The ancient Zapotec capital Monte Albán, located spectacularly 10 km (6 miles) west of Oaxaca city on an artificially leveled mountain top, is the second largest ceremonial site in Mesoamerica, only exceeded in size by Teotihuacán near Mexico City. The ruins are at at an elevation of 1600 meters (5200 feet) above sea level, and extend over the peaks of 3 mountain ranges that converge in Oaxaca's central valley at the junction of the Atoyac and Salado river valleys.
Monte Albán is the largest archeological site in Oaxaca. The Gran Plaza covers an area of more than three hectares (7.5 - 8 acres), and including the structures adjacent to the plaza, the complex covers 20 hectares (45 acres). Nearly all the buildings, public and residential, are oriented to the cardinal directions. The great structures are formed of irregular stones and mud faced with cut stone and sometimes stucco, many decorated with elaborate reliefs.
At the beginning of the 17th century, this spot came to be known as Monte Alban, which means White Mountain, after the Spanish landowner's surname Montalvan or Monte Albán.
The prehispanic name of Monte Albán has not been identified with precision. The most closely related descendants of the Zapotecs mention a hill that was known as Dhauya quch o Dauyacach, or the Hill of the Sacred Stones. The Mixtecs know it as Yucucui, or Green Hill. Other names for the city were the Mixtec name Sahandevul which means At the Foot of the Sky/Heaven, and another variation which is derived from the older Zapotecan language, Danibaan or Dani Biaa which means Sacred Mountain.
Dr. Alfonso Caso, a Mexican archaeologist, led one of the first explorations and restorations of this archaeological zone from 1931 to 1953. Based on studies of the architecture of the buildings, tombs, ceramics, and jewelry, he determined that the history of Monte Alban could be divided into distinct epochs based on social organization, population density, and exchange systems:
- Monte Albán I: Starting from the first occupation about 500 BC, up to about 200 BC, most probably by the Zapotecs, although it likely had early cultural connections with the Olmecs to the northeast. The top of the mountain, a stubborn quartzite, was hewn off with stone chisels until a flat area was formed 3,117 feet long and 1,476 feet wide, and the debris was used to fill crevasses on the edges of the platform. Temples and probably palaces were built, and a town of 10,000 or more people grew on the hillsides.
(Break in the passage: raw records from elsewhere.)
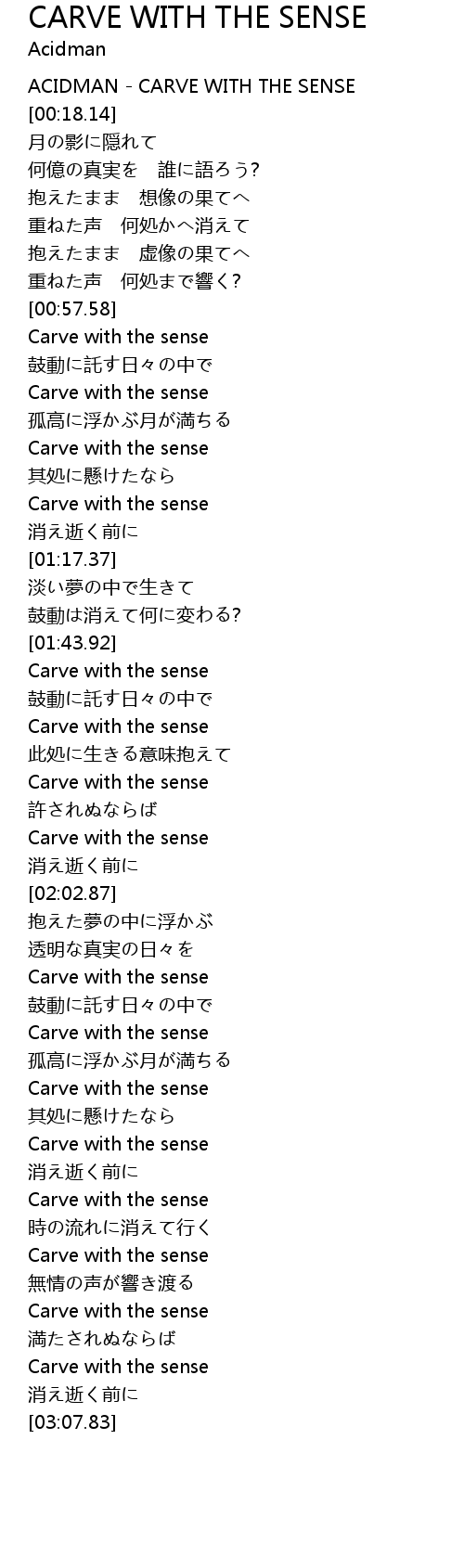 | [00:00.00] | ACIDMAN CARVE WITH THE SENSE |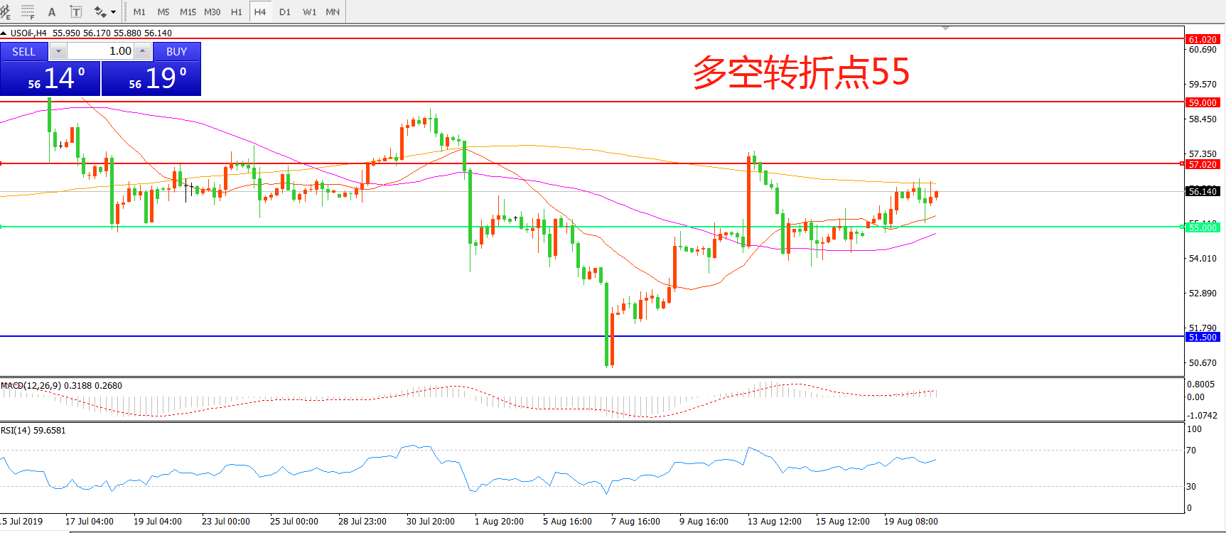 4小时图看,油价呈现震荡走高,55美元形成下方支撑,200周期均线形成阻力,MACD红柱增加, RSI指标走平,日内震荡上行概率较大。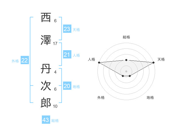 西澤 丹次郎さんを姓名の画数から五運を鑑定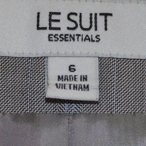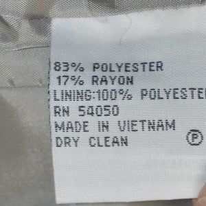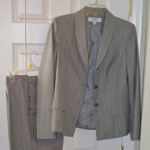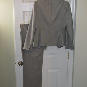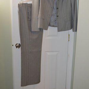Gray pinstripe suit, side zip, excellent condition, polyester/rayon.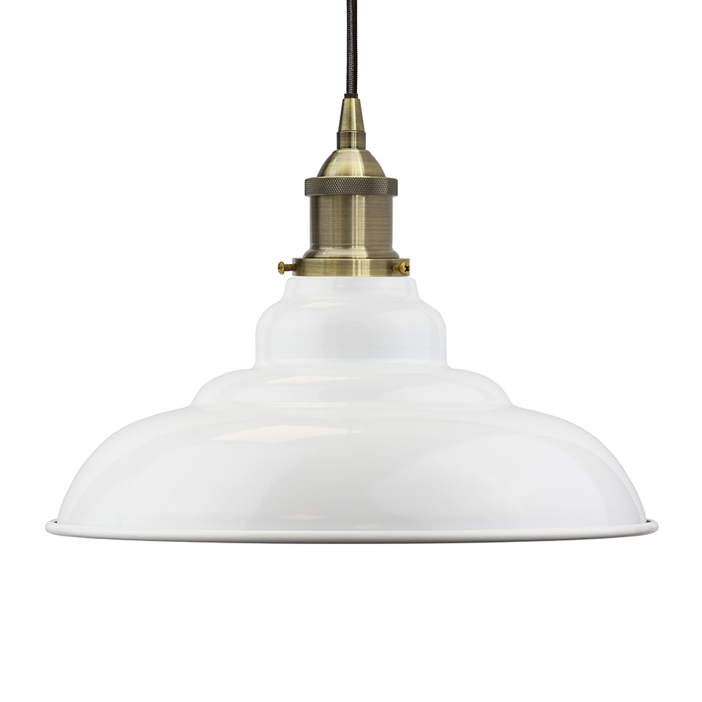 Soho Lighting White St Edmund's Painted Pendant Light with Antique Copper Lamp Holder and Brown Twisted Cable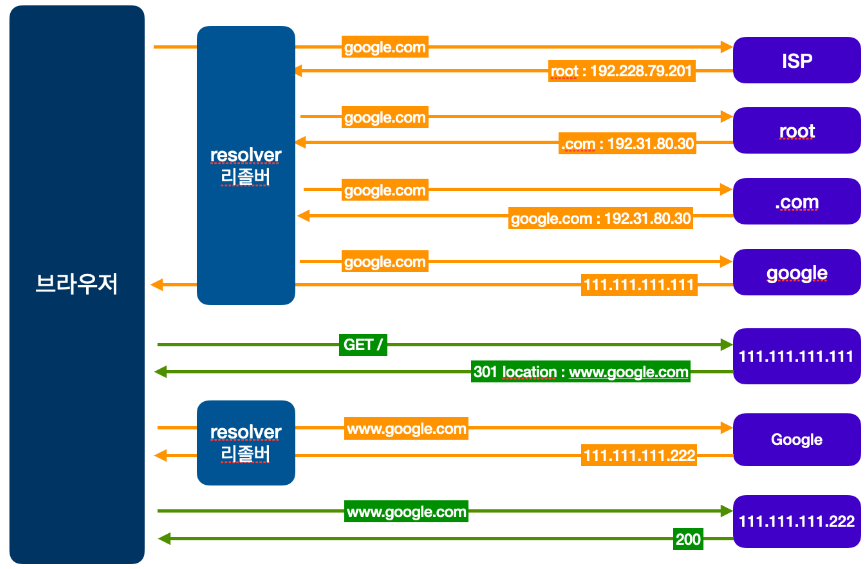 이러한 일련의 과정을 통해 브라우저는 http://google.com에 대한 IP 주소를 찾고, 해당 IP 주소로 HTTP 요청을 보내서 웹 페이지를 검색할 수 있습니다.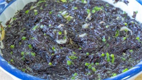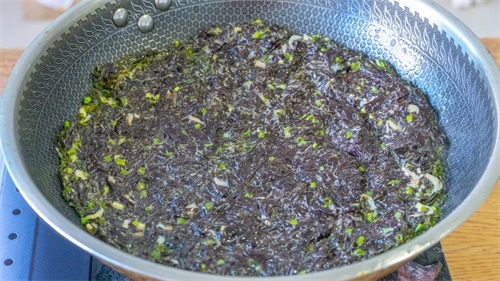 2、泡好后把紫菜里面的水分挤出来,然后改刀切小一点,切好后先放在一旁备用。

- Monte Albán II: Between 200 BC and about 300 AD the city came to dominate more and more of Oaxaca. Buildings were typically made of huge stone blocks with steep walls, and by 300 AD had a population of about 50,000 — more than any European city at the time.
- Monte Albán III: The city was at its peak from about 300 to 700 AD when the slopes of the main and surrounding hills were terraced for dwellings, and the population reached about 25,000. Most of what we see now dates from this time.
- Monte Albán IV: Between about 700 and 950 AD, the site was abandoned and gradually fell into ruin, and Zapotec life centered on other places in the Valles Centrales such as a new Zapotec capital at Zaachila in the Zimatlan valley.
- Monte Albán V: The period from 950 to 1521 AD saw minimal activity except tht Mixtecs arriving in the Valles Centrales between 100 and 1350 reused old tombs here to bury their own dignitaries. In Tumba (tomb) 7 they left one of the richest treasure hoards in the Americas, and which now is in Oaxaca city's Museo Regional.
Monte Albán is an enigmatic place. Conventional archaeological theory is at a loss to explain why this particular site was chosen — it is upon a tall, steeply walled plateau, has no source of water, was never used as a habitation center, and has no evidence that it was ever used for strategic or military purposes. Furthermore, it was extremely difficult to construct — the building rocks were laboriously carried from the valley far below, the builders were small people averaging only 5 feet tall, they had no metal stone-cutting tools, and they had not discovered the transportation capabilities of the wheel. Yet the site still became the second largest ceremonial center in Mesoamerica.
Little is known of the origin of the Zapotec, who lived primarily in south Oaxaca and on the Isthmus of Tehuantepec. Unlike most native peoples of Mesoamerica, they had no traditions or legends of migration, but believed themselves to have been born directly from rocks, trees, and jaguars.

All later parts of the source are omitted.